◆ **DATASET EXCERPTS**
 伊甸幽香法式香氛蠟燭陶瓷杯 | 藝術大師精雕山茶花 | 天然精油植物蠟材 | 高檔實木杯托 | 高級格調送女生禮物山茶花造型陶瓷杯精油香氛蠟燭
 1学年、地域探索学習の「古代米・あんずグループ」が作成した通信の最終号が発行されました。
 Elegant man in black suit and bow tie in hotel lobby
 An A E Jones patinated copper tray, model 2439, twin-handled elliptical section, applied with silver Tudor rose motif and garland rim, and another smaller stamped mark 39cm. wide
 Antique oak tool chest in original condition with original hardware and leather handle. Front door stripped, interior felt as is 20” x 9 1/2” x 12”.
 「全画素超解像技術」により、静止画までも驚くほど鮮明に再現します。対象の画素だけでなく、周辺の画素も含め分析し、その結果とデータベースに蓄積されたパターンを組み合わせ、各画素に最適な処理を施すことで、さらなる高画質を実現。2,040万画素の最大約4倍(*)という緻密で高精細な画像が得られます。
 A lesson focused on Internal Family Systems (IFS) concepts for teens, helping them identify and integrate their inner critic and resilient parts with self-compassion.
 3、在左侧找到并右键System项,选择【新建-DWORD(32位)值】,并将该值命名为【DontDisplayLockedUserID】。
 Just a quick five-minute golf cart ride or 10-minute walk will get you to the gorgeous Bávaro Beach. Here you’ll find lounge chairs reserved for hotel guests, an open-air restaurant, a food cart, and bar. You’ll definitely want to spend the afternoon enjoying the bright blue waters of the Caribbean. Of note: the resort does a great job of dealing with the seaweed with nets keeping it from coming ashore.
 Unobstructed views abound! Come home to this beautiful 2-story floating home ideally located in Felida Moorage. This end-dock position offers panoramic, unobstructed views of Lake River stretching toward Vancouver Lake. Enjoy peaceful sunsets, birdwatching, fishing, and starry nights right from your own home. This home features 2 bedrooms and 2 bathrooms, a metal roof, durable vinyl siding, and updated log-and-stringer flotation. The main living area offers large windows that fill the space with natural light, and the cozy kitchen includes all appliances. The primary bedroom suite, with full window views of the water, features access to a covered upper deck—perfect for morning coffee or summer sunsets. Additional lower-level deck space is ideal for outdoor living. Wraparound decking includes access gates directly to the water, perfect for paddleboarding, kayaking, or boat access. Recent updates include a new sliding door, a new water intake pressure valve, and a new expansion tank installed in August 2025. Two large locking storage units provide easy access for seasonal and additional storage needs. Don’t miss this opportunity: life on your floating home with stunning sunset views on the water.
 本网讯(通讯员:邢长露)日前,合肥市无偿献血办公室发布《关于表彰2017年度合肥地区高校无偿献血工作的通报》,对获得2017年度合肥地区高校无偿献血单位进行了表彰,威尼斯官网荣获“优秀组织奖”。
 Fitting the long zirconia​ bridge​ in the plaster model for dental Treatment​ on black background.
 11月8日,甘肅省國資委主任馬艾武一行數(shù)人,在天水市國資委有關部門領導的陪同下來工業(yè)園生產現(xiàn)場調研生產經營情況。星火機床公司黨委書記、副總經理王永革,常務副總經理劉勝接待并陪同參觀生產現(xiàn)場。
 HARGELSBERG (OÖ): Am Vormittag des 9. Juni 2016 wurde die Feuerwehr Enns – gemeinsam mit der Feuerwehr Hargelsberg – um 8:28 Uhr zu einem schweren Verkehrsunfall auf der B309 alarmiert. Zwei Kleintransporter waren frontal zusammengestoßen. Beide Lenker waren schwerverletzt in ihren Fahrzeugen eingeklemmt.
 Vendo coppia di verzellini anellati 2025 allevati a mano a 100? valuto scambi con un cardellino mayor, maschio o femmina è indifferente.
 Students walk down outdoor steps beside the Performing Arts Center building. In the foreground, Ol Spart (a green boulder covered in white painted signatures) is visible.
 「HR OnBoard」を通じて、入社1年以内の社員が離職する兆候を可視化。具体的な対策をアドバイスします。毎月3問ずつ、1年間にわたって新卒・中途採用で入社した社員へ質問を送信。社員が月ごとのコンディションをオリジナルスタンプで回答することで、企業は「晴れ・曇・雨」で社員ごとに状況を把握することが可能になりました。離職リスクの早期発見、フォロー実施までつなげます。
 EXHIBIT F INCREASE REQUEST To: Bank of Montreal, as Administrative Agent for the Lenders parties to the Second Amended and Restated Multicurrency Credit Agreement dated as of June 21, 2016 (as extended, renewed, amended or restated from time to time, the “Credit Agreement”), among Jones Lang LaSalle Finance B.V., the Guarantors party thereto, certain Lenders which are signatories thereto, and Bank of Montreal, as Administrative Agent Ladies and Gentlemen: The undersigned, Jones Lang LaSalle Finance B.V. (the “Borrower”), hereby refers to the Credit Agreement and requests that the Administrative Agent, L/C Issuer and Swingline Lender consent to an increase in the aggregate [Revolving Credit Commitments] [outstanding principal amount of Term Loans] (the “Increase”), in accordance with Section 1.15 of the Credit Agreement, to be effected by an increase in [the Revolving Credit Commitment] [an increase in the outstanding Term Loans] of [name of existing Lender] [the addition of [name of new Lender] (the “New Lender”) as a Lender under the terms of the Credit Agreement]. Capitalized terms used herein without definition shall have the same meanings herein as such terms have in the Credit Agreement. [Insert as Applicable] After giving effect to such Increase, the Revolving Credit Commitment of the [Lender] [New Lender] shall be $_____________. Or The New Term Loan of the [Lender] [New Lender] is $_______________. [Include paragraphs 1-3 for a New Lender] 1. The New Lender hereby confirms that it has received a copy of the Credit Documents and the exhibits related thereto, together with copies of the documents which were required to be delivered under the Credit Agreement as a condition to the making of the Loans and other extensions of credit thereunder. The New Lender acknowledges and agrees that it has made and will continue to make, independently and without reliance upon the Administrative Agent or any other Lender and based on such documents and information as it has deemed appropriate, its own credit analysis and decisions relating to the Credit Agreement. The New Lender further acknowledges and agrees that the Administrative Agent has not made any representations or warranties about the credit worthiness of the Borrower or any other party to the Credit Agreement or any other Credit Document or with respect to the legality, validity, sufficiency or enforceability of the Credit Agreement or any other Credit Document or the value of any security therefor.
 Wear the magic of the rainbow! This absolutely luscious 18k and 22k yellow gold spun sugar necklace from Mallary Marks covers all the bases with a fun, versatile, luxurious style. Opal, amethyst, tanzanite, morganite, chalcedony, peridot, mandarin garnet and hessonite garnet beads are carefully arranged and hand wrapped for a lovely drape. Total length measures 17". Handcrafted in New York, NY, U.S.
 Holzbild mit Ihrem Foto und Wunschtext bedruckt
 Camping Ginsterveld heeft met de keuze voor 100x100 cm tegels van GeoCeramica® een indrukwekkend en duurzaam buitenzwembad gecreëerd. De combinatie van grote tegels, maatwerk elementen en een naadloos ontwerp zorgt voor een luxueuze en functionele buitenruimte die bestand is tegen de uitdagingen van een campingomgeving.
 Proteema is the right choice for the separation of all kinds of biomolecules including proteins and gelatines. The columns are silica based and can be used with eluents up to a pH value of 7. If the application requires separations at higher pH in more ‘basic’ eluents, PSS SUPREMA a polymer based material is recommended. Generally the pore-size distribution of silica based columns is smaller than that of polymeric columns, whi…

◆ **ASSIGNMENT**
Your answer must be the lines above from the one containing "A lesson focused" to the one containing "Just a quick", both included, restated word for word.

◆ **RESULT FOR THIS EXERCISE**
 A lesson focused on Internal Family Systems (IFS) concepts for teens, helping them identify and integrate their inner critic and resilient parts with self-compassion.
 3、在左侧找到并右键System项,选择【新建-DWORD(32位)值】,并将该值命名为【DontDisplayLockedUserID】。
 Just a quick five-minute golf cart ride or 10-minute walk will get you to the gorgeous Bávaro Beach. Here you’ll find lounge chairs reserved for hotel guests, an open-air restaurant, a food cart, and bar. You’ll definitely want to spend the afternoon enjoying the bright blue waters of the Caribbean. Of note: the resort does a great job of dealing with the seaweed with nets keeping it from coming ashore.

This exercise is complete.